DIARIO DEL AÑO DE LA PESTE ENTREGA 25/05/2020

Como ya he dicho, la población había llegado a desesperar se y a abandonarse. Este estado de ánimo produjo un extraño efecto en nosotros durante dos o tres semanas. Nos sentíamos audaces, aventureros, no asustados unos de otros ni confinados en nuestras respectivas casas; andábamos por todas partes y recomenzábamos a hablar. Se encaraba a la gente con estas palabras: «No le pregunto cómo está usted. Tampoco le digo cómo me va. Porque es seguro que todos partiremos. Poco importa, pues, estar enfermo o sano». Y así andaba la gente, desesperada, hacia cualquier lugar y en cualquier compañía.

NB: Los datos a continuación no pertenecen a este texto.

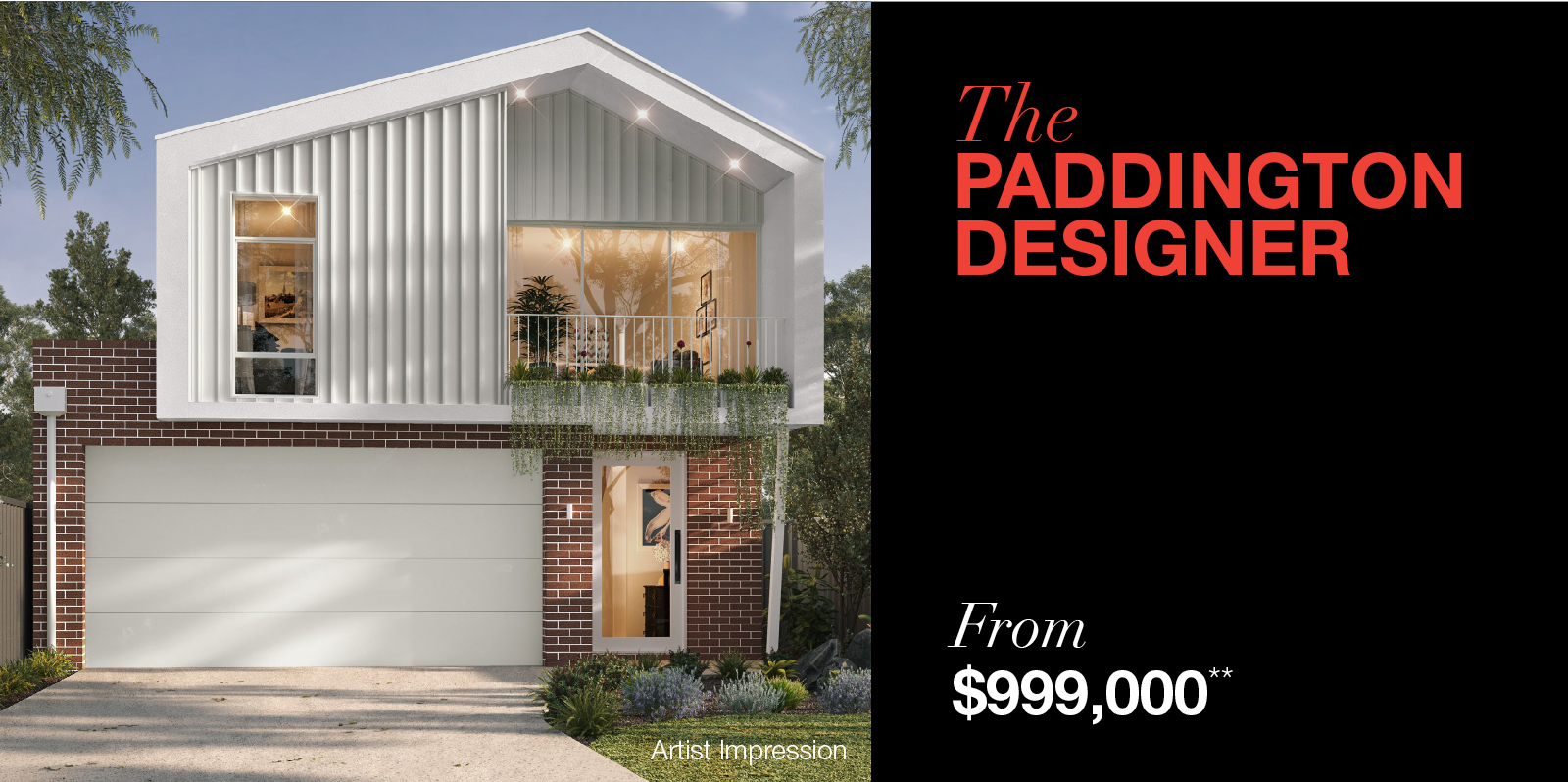 The Paddington Designer makes a bold architectural statement, with a sculptural gable form, textural cladding and soft greenery delivering expressive street appeal.
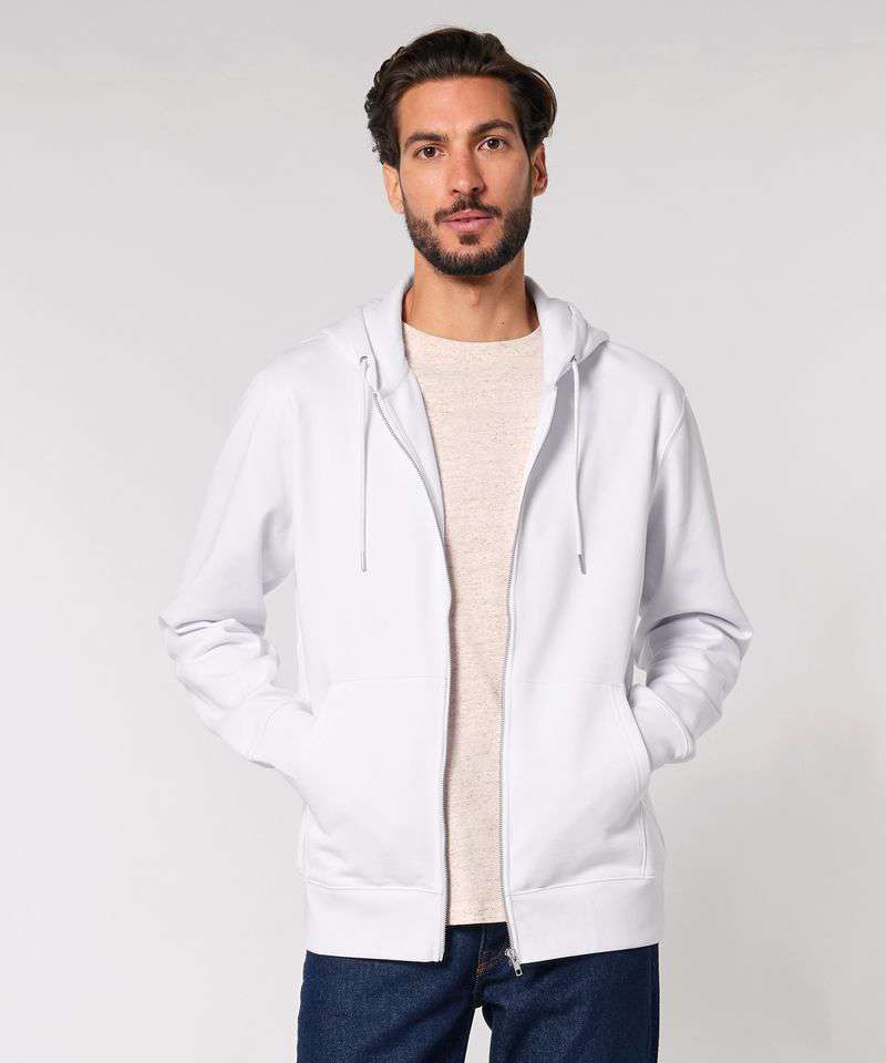 The modernised unisex Cultivator 2.0 iconic zip-thru hoodie sweatshirt – now in 100% organic cotton, with a new modern medium fit and wider rib at the hem and sleeve cuffs, as well as improved drawcord quality and closed metal drawcord endings. It also offers better decoration results than before, plus a deep and vibrant colour palette to choose from.

La gente buscaba estar en compañía, y era sorprendente verla ir en multitud a las iglesias. Ya nadie se preocupaba por quién se sentaba al lado, ni por alguna emanación desagradable ni por el estado de su vecino. Todos se consideraban cadáveres y acudían a los templos sin la menor inquietud y se sentaban juntos, como si su vida no tuviera valor alguno en comparación con el deber con que debían cumplir allí. En verdad, el celo de que daban prueba y la seriedad y la emoción que mostraban al escuchar lo que se les decía patentizaban el valor que todo el pueblo ponía en la adoración de Dios: cada uno pensaba que iba a la iglesia por última vez. Y esto no dejó de producir algunos efectos extraños, como que se dejó a un lado todo escrúpulo respecto de quién subía al púlpito. Es muy cierto que muchos ministros fueron alcanzados por aquella calamidad que de un modo tan terrible azotaba por doquier; otros no tuvieron el coraje de soportarla y se retiraron al campo no bien hallaron el medio de escapar. De lo cual se siguió que varias iglesias quedaron completamente abandonadas, y la gente no tuvo el menor escrúpulo en llamar a los pastores disidentes, que algunos años antes habían sido privados de sus medios de subsistencia por un acta del Parlamento, llamada Acta de Uniformidad, que les prohibía
predicar en los templos. Y los ministros mismos de las iglesias no ofrecieron ninguna dificultad para aceptar su asistencia, aunque algunos, llamados ministros silenciados, en esa ocasión abrieron la boca y pecaron públicamente. Y aquí voy a observar, y espero que no sea inútil detenerse en ello un instante, que los hombres, si supiesen que su muerte está cerca, rápidamente se reconciliarían. Es nuestra seguridad en la vida lo que nos induce a rechazar lejos de nosotros tales cosas, y a ella hay que atribuir las disensiones, los rencores obstinados, los prejuicios, la falta de caridad y la falta de unión cristiana. Otro año más de peste pondría fin a todos los desacuerdos. La visión de una muerte próxima, o de un mal que lleva en sí la amenaza de muerte, libraría a nuestro humor de los malos gérmenes, borraría las animosidades que existen entre nosotros y nos llevaría a ver las cosas con otros ojos. Y así fue como los que formaban parte de la Iglesia se reconciliaron con los disidentes y los animaron a predicar, y los disidentes, por su parte, que habían roto con la comunión de la Iglesia de Inglaterra, causándole un enorme perjuicio, se sintieron dichosos de volver a entrar en sus parroquias y de hacerse al culto que antes habían desaprobado. Pero cuando el terror de la epidemia disminuyó, las cosas volvieron a su curso ordinario, tan poco deseable.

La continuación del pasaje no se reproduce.